Where the sense of esthetics is concerned, some scientists made (a while ago) a study about what most men consider to be cute girls. They found some trends and thus were able to mathematically (so to speak) create (a visual simulation) a "beautiful" female face from these trends. As such, I believe that a sense of esthetics could be implemented into an AI, that would reflects general senses of esthetics.

Nonetheless, I agree with one thing: Before creating a true sentient AI, we must first determine the difference (if any) between being truly living and just functioning, and between being truly conscious and just very clever. What I see when I read Ray Kurtzweil, is that he envision a computer with the efficiency of a human brain, but I don't see how it makes it sentient / conscious. Nonetheless, my novel will assume a few truly sentient super AI, while most personal computers are just very clever machines.

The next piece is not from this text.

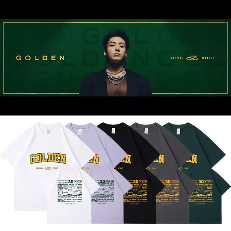 BTS Jungkook Golden T-Shirt! The shirt is 100% cotton. Super comfy and skin-friendly. Match with your bias!

And Zappo, Ray Kurtzweil foresees AI, but also a world as you describe, where humans merge with machines and improve themselves through bio-genetics, effectively becoming cyborgs.
 

Turanil said:
Before creating a true sentient AI, we must first determine the difference (if any) between being truly living and just functioning, and between being truly conscious and just very clever.
I suggest reading the Vinge I mentioned earlier. Alot of the book deals with exactly this issue, both from the AI perspective, the human perspective, and an alien race perspective (the latter especially focuses on collective intelligence versus individual intelligence, and does so in an interesting way).